Reproduce the records that follow without alteration, apart from removing the pictures.

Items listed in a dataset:
§

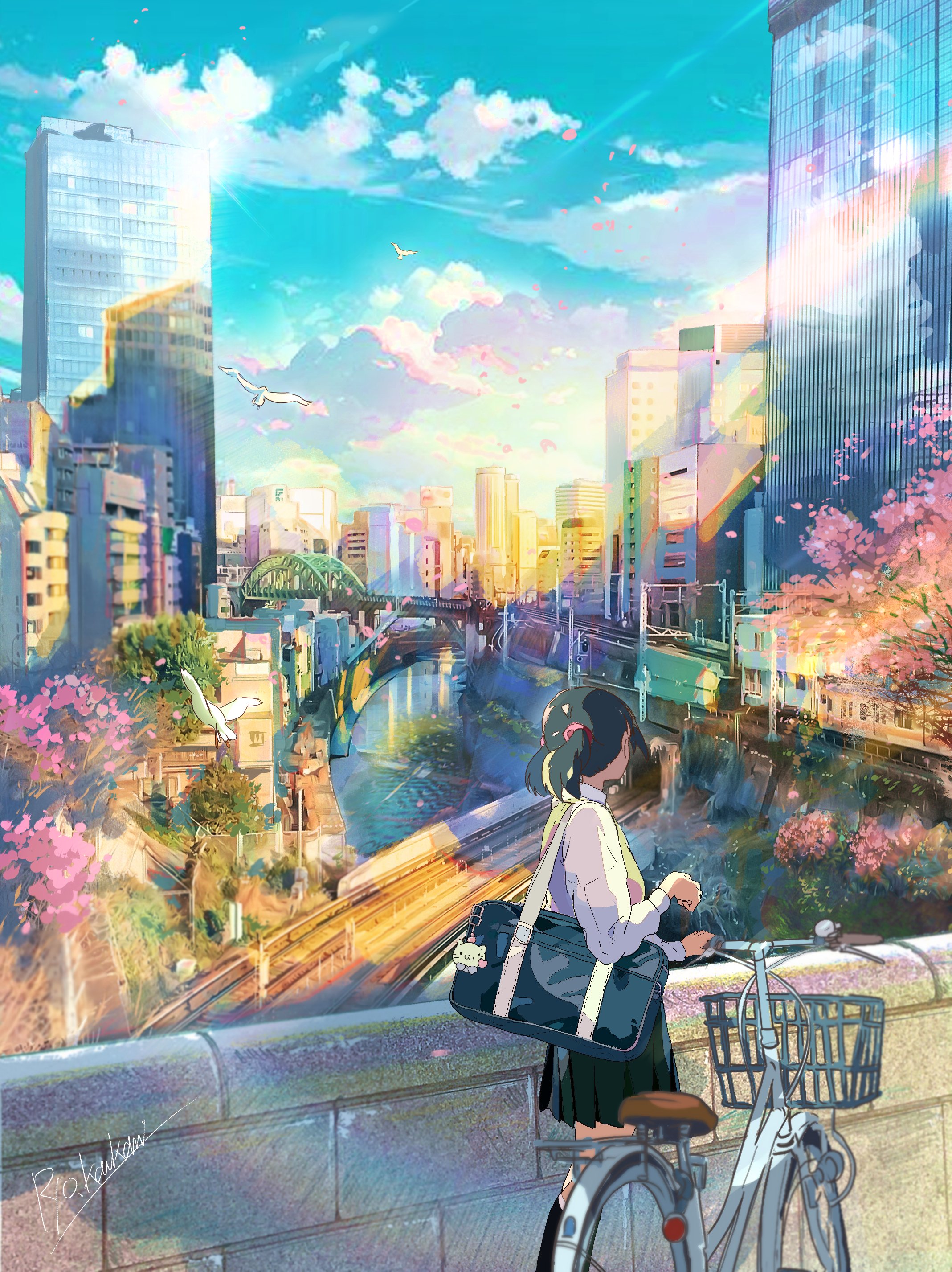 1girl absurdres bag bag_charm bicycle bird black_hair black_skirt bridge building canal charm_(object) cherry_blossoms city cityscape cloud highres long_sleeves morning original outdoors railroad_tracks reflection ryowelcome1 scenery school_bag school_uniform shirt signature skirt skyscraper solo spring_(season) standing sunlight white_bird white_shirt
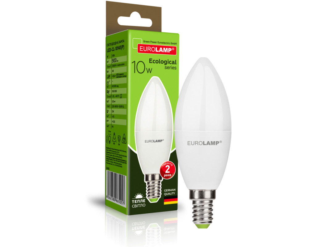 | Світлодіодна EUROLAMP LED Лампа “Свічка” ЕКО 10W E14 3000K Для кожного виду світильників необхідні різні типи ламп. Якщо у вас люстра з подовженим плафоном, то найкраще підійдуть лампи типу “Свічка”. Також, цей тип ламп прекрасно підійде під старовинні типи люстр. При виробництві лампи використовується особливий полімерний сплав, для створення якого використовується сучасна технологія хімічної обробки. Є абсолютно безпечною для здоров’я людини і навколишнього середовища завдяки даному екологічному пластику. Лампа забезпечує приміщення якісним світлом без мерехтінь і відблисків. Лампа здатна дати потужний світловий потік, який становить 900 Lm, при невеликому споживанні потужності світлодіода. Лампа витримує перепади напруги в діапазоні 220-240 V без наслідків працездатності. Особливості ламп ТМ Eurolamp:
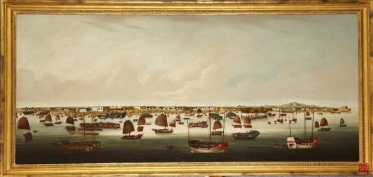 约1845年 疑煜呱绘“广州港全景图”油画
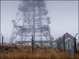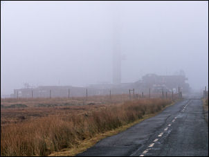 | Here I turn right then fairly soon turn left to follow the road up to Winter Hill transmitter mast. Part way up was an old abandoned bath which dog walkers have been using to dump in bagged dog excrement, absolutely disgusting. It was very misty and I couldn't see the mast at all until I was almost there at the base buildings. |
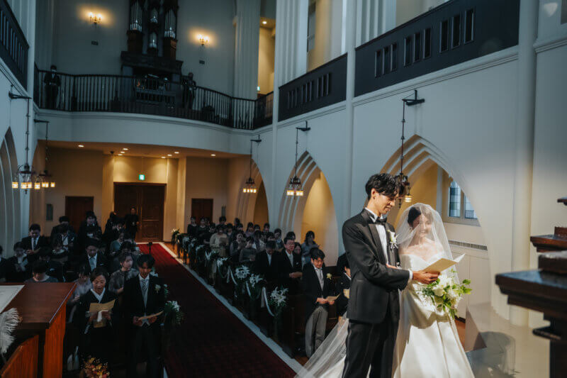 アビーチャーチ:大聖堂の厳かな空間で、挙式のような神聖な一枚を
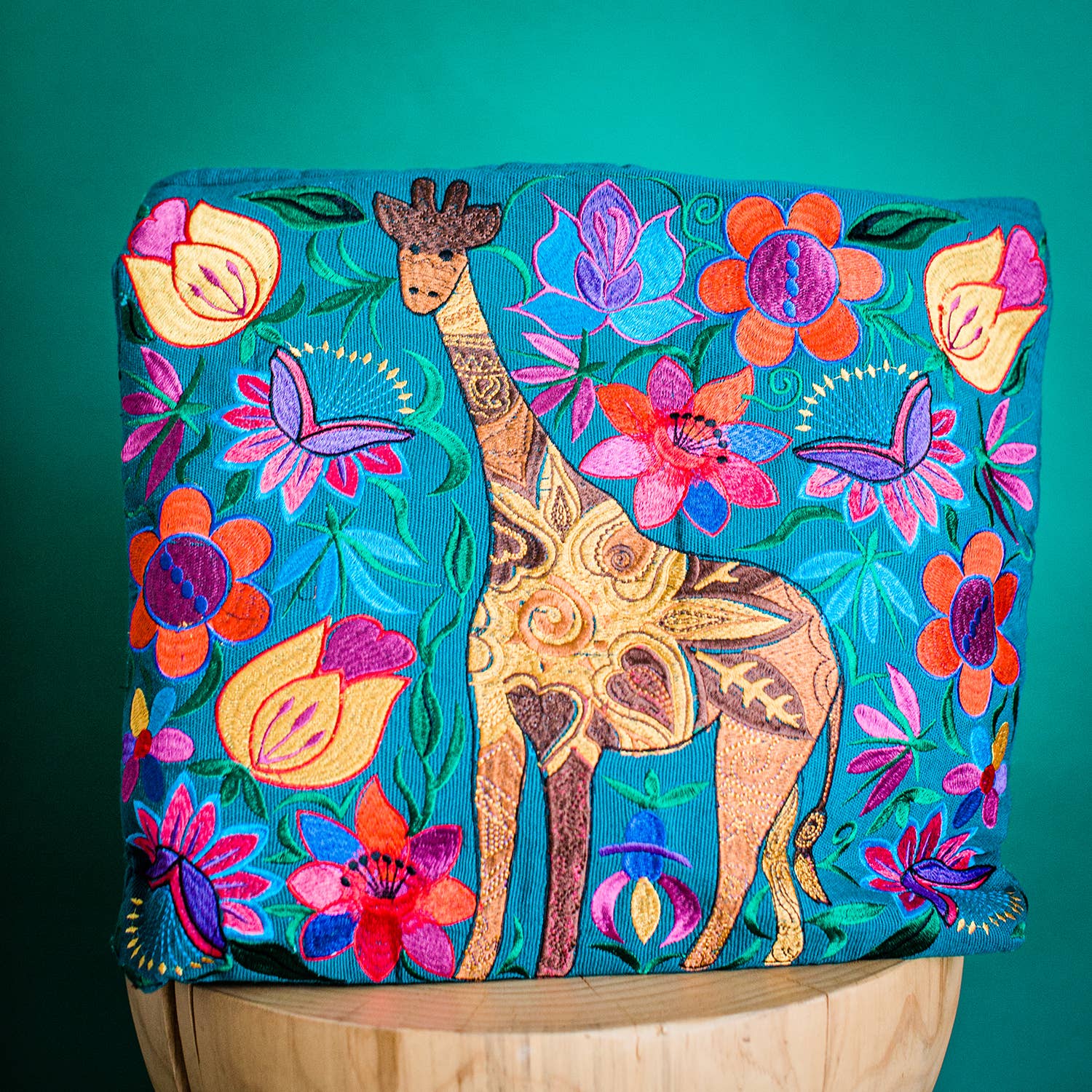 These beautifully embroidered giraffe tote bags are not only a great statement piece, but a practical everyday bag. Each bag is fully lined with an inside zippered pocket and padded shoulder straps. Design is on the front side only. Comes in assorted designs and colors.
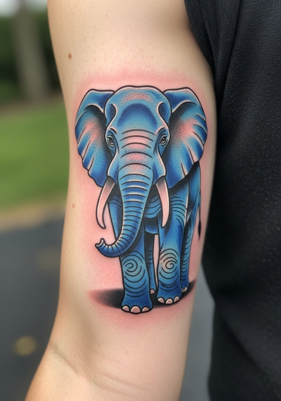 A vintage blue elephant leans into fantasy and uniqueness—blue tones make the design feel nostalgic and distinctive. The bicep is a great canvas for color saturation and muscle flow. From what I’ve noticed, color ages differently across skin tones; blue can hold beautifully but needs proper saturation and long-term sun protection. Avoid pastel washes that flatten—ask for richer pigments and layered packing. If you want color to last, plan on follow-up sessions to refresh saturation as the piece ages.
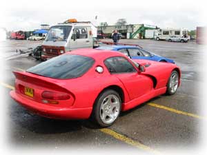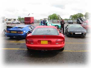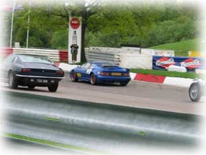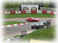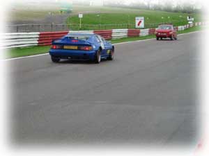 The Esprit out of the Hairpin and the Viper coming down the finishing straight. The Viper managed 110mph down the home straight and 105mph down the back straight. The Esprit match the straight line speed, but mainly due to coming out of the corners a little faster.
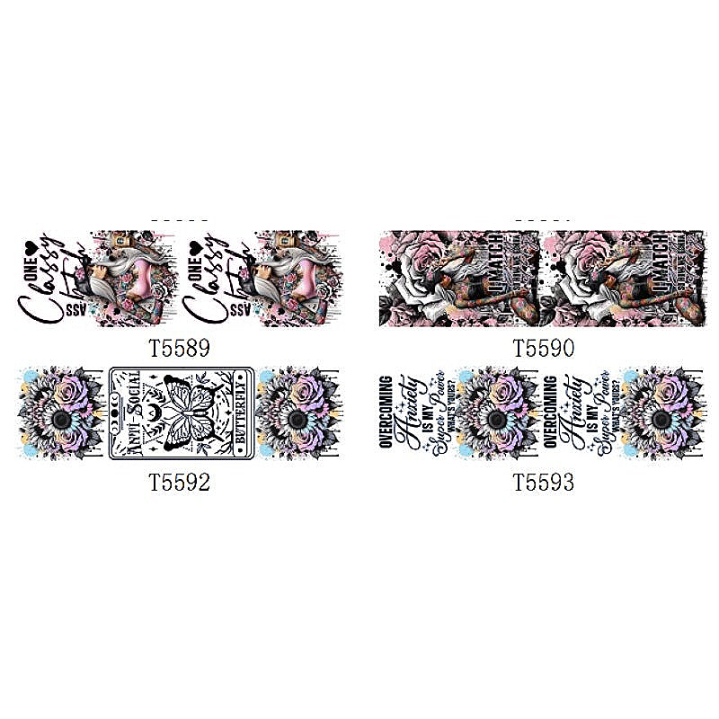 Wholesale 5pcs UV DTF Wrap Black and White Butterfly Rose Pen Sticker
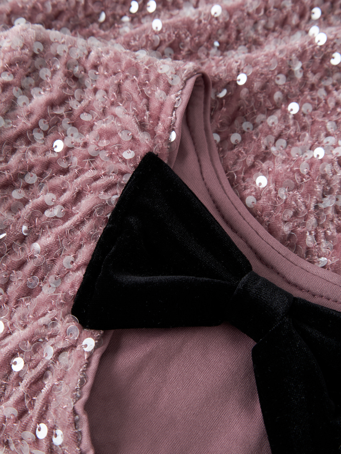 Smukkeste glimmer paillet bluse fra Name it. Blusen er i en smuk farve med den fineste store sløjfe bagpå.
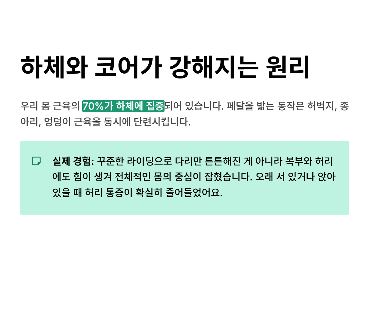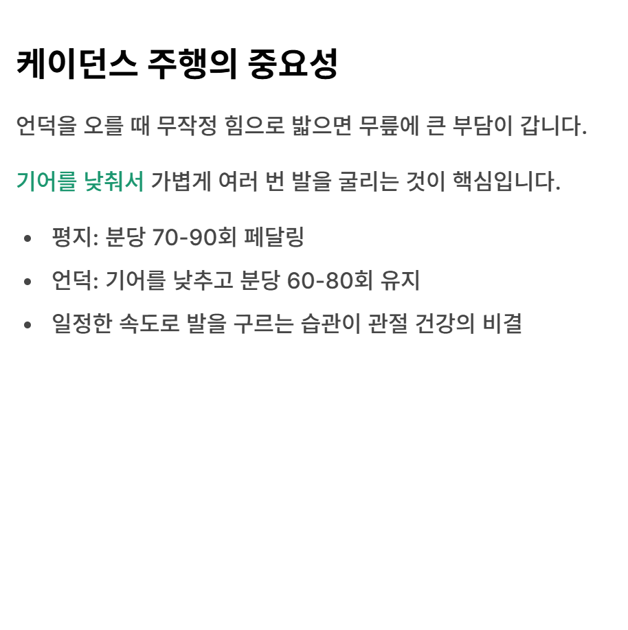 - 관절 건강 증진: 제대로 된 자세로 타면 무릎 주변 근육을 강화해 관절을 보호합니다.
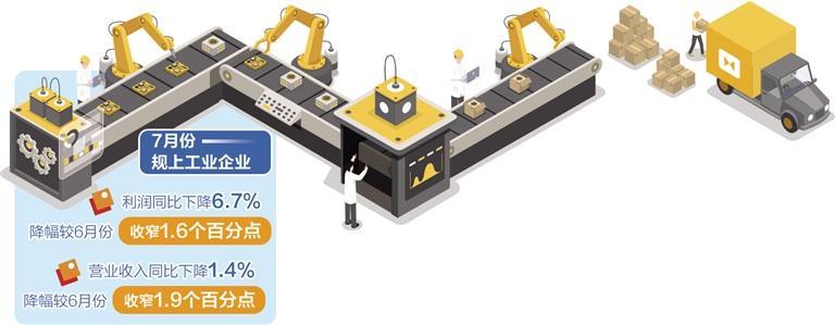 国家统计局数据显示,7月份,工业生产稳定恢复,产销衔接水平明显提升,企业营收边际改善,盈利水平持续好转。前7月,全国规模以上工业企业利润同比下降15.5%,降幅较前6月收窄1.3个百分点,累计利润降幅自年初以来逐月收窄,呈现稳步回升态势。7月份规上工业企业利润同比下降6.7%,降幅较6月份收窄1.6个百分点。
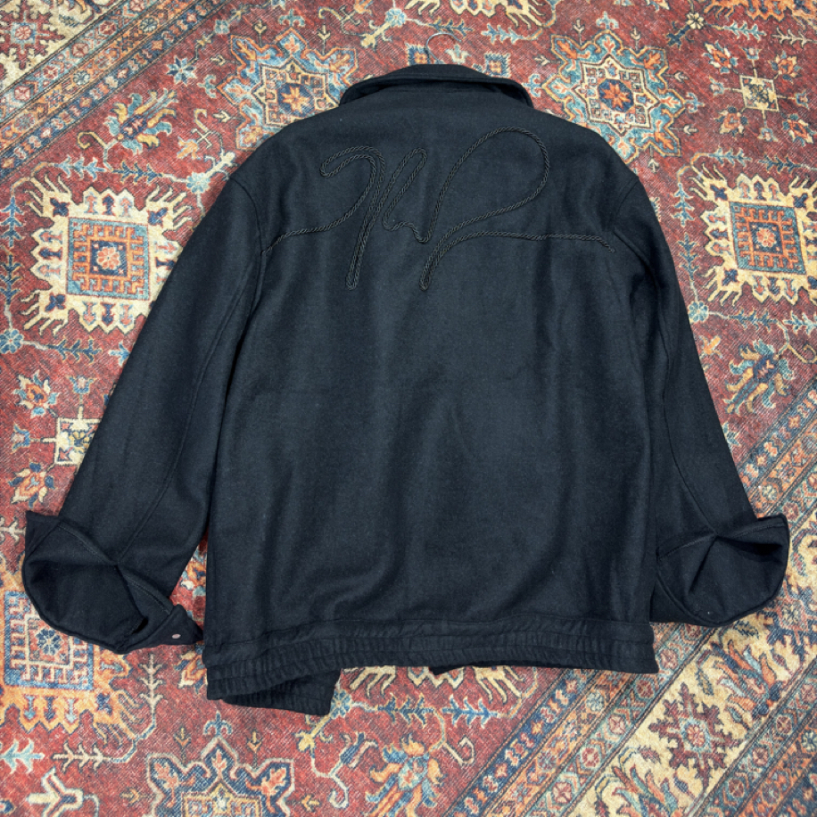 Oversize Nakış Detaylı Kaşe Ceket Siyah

§

### SOLUTION FOR THIS EXERCISE:
 1girl absurdres bag bag_charm bicycle bird black_hair black_skirt bridge building canal charm_(object) cherry_blossoms city cityscape cloud highres long_sleeves morning original outdoors railroad_tracks reflection ryowelcome1 scenery school_bag school_uniform shirt signature skirt skyscraper solo spring_(season) standing sunlight white_bird white_shirt
 | Світлодіодна EUROLAMP LED Лампа “Свічка” ЕКО 10W E14 3000K Для кожного виду світильників необхідні різні типи ламп. Якщо у вас люстра з подовженим плафоном, то найкраще підійдуть лампи типу “Свічка”. Також, цей тип ламп прекрасно підійде під старовинні типи люстр. При виробництві лампи використовується особливий полімерний сплав, для створення якого використовується сучасна технологія хімічної обробки. Є абсолютно безпечною для здоров’я людини і навколишнього середовища завдяки даному екологічному пластику. Лампа забезпечує приміщення якісним світлом без мерехтінь і відблисків. Лампа здатна дати потужний світловий потік, який становить 900 Lm, при невеликому споживанні потужності світлодіода. Лампа витримує перепади напруги в діапазоні 220-240 V без наслідків працездатності. Особливості ламп ТМ Eurolamp:
 约1845年 疑煜呱绘“广州港全景图”油画
 | Here I turn right then fairly soon turn left to follow the road up to Winter Hill transmitter mast. Part way up was an old abandoned bath which dog walkers have been using to dump in bagged dog excrement, absolutely disgusting. It was very misty and I couldn't see the mast at all until I was almost there at the base buildings. |
 アビーチャーチ:大聖堂の厳かな空間で、挙式のような神聖な一枚を
 These beautifully embroidered giraffe tote bags are not only a great statement piece, but a practical everyday bag. Each bag is fully lined with an inside zippered pocket and padded shoulder straps. Design is on the front side only. Comes in assorted designs and colors.
 A vintage blue elephant leans into fantasy and uniqueness—blue tones make the design feel nostalgic and distinctive. The bicep is a great canvas for color saturation and muscle flow. From what I’ve noticed, color ages differently across skin tones; blue can hold beautifully but needs proper saturation and long-term sun protection. Avoid pastel washes that flatten—ask for richer pigments and layered packing. If you want color to last, plan on follow-up sessions to refresh saturation as the piece ages.
 The Esprit out of the Hairpin and the Viper coming down the finishing straight. The Viper managed 110mph down the home straight and 105mph down the back straight. The Esprit match the straight line speed, but mainly due to coming out of the corners a little faster.
 Wholesale 5pcs UV DTF Wrap Black and White Butterfly Rose Pen Sticker
 Smukkeste glimmer paillet bluse fra Name it. Blusen er i en smuk farve med den fineste store sløjfe bagpå.
 - 관절 건강 증진: 제대로 된 자세로 타면 무릎 주변 근육을 강화해 관절을 보호합니다.
 国家统计局数据显示,7月份,工业生产稳定恢复,产销衔接水平明显提升,企业营收边际改善,盈利水平持续好转。前7月,全国规模以上工业企业利润同比下降15.5%,降幅较前6月收窄1.3个百分点,累计利润降幅自年初以来逐月收窄,呈现稳步回升态势。7月份规上工业企业利润同比下降6.7%,降幅较6月份收窄1.6个百分点。
 Oversize Nakış Detaylı Kaşe Ceket Siyah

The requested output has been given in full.